# Canadian Apartment Properties REIT (CAR-UN.TO)



## marina628 (Dec 14, 2010)

Been looking at this REIT for a few months but have not bought anything.Just wondering if you guys have any feedback on this?

Marina


----------



## MoreMiles (Apr 20, 2011)

marina628 said:


> Been looking at this REIT for a few months but have not bought anything.Just wondering if you guys have any feedback on this?
> 
> Marina


I hope you did not buy that day... it dropped 2.9% in one day today.
REIT can be volatile, it's better to buy an ETF like XRE or ZRE.


----------



## marina628 (Dec 14, 2010)

No Didn't buy anything just looking .


----------



## TomB16 (Jun 8, 2014)

Is anyone familiar with what is driving CAR-UN lower?

I'm not worried about it, this is a very small position for us, but it doesn't make sense given the strong earnings.
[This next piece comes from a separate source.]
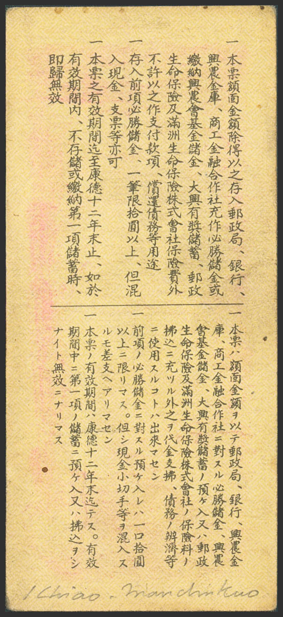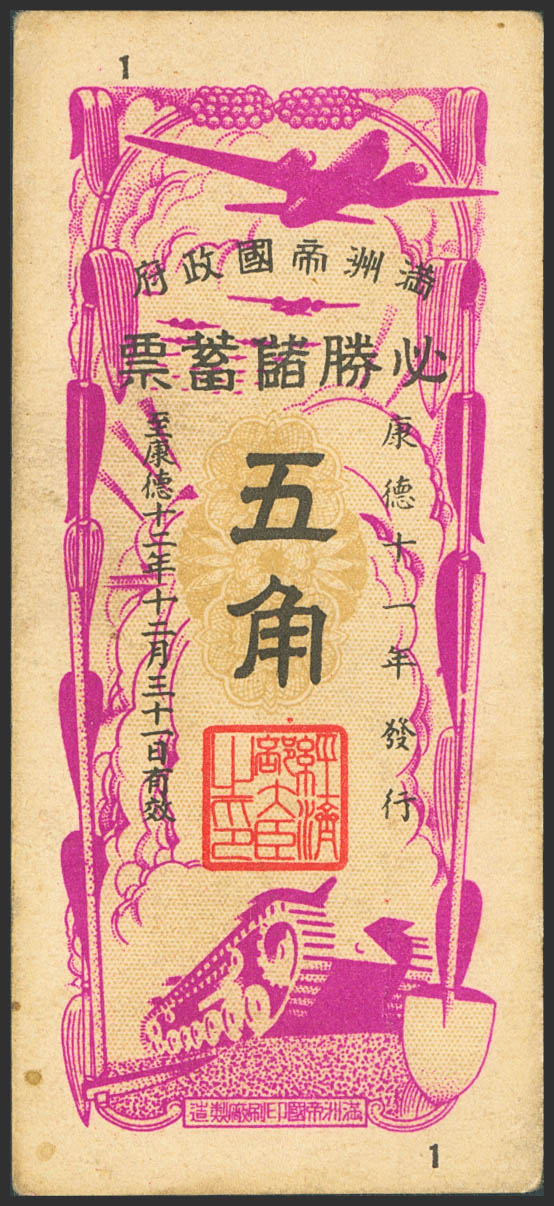 CHINA-MANCHUKUO. 50 Cents. Redemption date 31 December 1945. Manchukuo Imperial Government. Victory Saving bond. (Pick: Unlisted. S/M: P41-1). Less than Uncirculated.

Perhaps they are about to announce a huge earnings miss and this is some insider trading?


----------



## KaeJS (Sep 28, 2010)

TomB16 said:


> Is anyone familiar with what is driving CAR-UN lower?
> 
> I'm not worried about it, this is a very small position for us, but it doesn't make sense given the strong earnings. Perhaps they are about to announce a huge earnings miss and this is some insider trading?


I bought some earlier today.

It actually does make perfect sense. The reason is because rates are going up. The fed is obviously going to raise rates on Wednesday by 0.5% and this is indicative of future increases for Canada which is likely going to be another 0.5% increase, as well.

Obviously, when the rates rise, that makes debt more expensive which sucks for holding mortgaged properties. As an alternative, these companies are being paid rent that has not kept up with inflation, which technically means the profitability of the companies has gone down on a real return basis.

Should this already be known? Yes. But it is becoming more and more real as rates continue higher.


----------



## KaeJS (Sep 28, 2010)

Also - note that the yield for CAR is low.
In this environment, people are searching for safe yield that is going to keep up with inflation.

Nobody is exactly excited about the yield on CAR. I imagine lots of people are selling CAR in favour of some higher paying companies.

Some idea for higher yield REITs right now are CHP and SIA (both of which I own and am adding to).


----------



## TomB16 (Jun 8, 2014)

Thank you for the response.

I like the low yield as we are holding it in unregistered account. We're used to it going up and up. lol!

It looks like a healthy company to me so I shall do what I do best: nothing.


----------



## zinfit (Mar 21, 2021)

TomB16 said:


> Thank you for the response.
> 
> I like the low yield as we are holding it in unregistered account. We're used to it going up and up. lol!
> 
> It looks like a healthy company to me so I shall do what I do best: nothing.


Rising interest rates are a negative headwind for Reits. They compete with fixed income . With 5 year GICs now in the 4% range and may-be going higher some people will sell their Reits and put into GICs or bonds. Reits are capital intensive so rising interest rates on their debt is also a negative.


----------